Any notice or other communication to be given hereunder will be in writing and will be (as elected by the party giving such notice): (i) personally delivered; or (ii) sent by prepaid overnight delivery services such as FedEx or USPS Express Mail, with delivery confirmation and/or return receipt; a courtesy copy shall also be sent by email or facsimile. Unless otherwise provided herein, all notices will be deemed to have been duly given on the date of receipt (or if delivery is refused, the date of such refusal) if delivered personally. Either party may change its address for purposes hereof on not less than three (3) business days prior notice to the other party.

15. FORCE MAJEURE

Any delay in or failure of performance by either party under this Agreement will not be considered a breach of this Agreement and will be excused to the extent caused by any occurrence beyond the reasonable control of such party including, but not limited to, acts of God, power outages and governmental restrictions.

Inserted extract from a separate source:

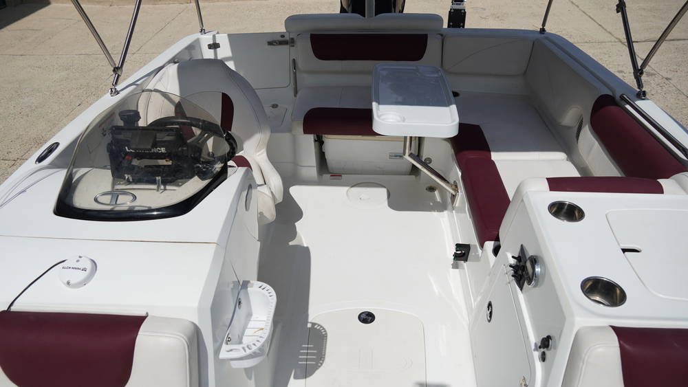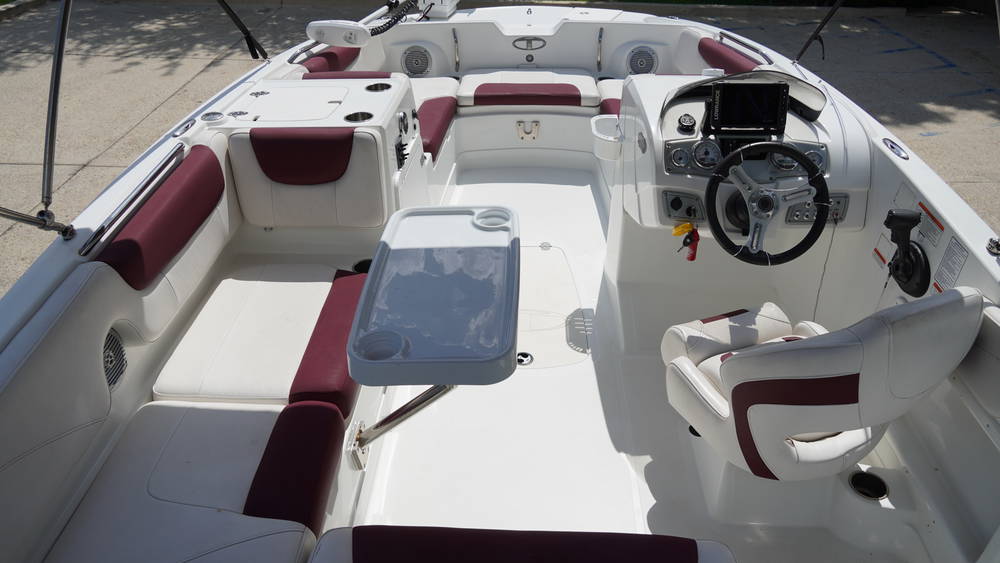 Speaking of the ski tow pylon, the 2150 sports the TAHOE-exclusive POWERGLIDE hull design, which pairs just right with the Mercury outboard for sensational performance for watersports and cruises.

16. SEVERABILITY AND WAIVER

If any of the provisions of this Agreement are held to be unenforceable by a court or arbitrator, the remaining portions of the Agreement will remain in full force and effect. Failure of either Party to require strict performance by the other party of any provision shall not affect the Party’s right to require strict performance thereafter. Waiver by either Party of a breach of any provision shall not waive either the provision itself or any subsequent breach.

17. ENTIRE AGREEMENT

This Agreement is the complete and exclusive agreement between the parties with respect to the subject matter hereof, superseding and terminating all previous communications, representations or Agreements, whether written or oral between the parties relating to the services provided hereunder.

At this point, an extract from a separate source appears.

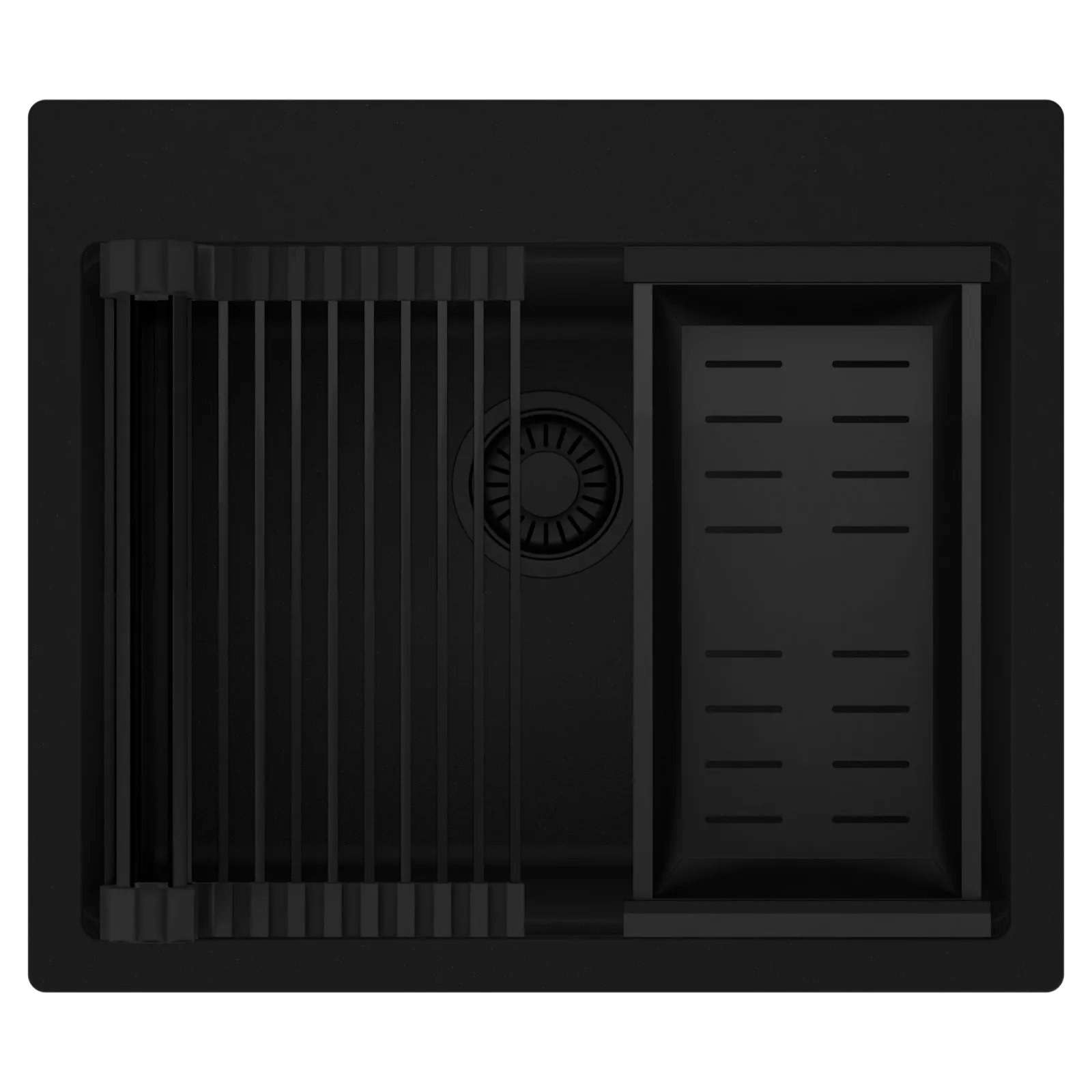 HD Infinity 58 egymedencés mosogatótálca szett, csepegtetőráccsal és kosárral, matt fekete

18. INDEPENDENT CONTRACTORS

The parties are independent contractors and not co-venturers. Neither party shall be deemed to be an employee, agent, or legal representative of the other party hereto for any purpose and neither party hereto shall have any right, power or authority to create any obligation or responsibility on behalf of the other party hereto nor shall this be deemed an exclusive or fiduciary relationship. This Agreement will not be construed to create or imply any partnership, agency or joint venture.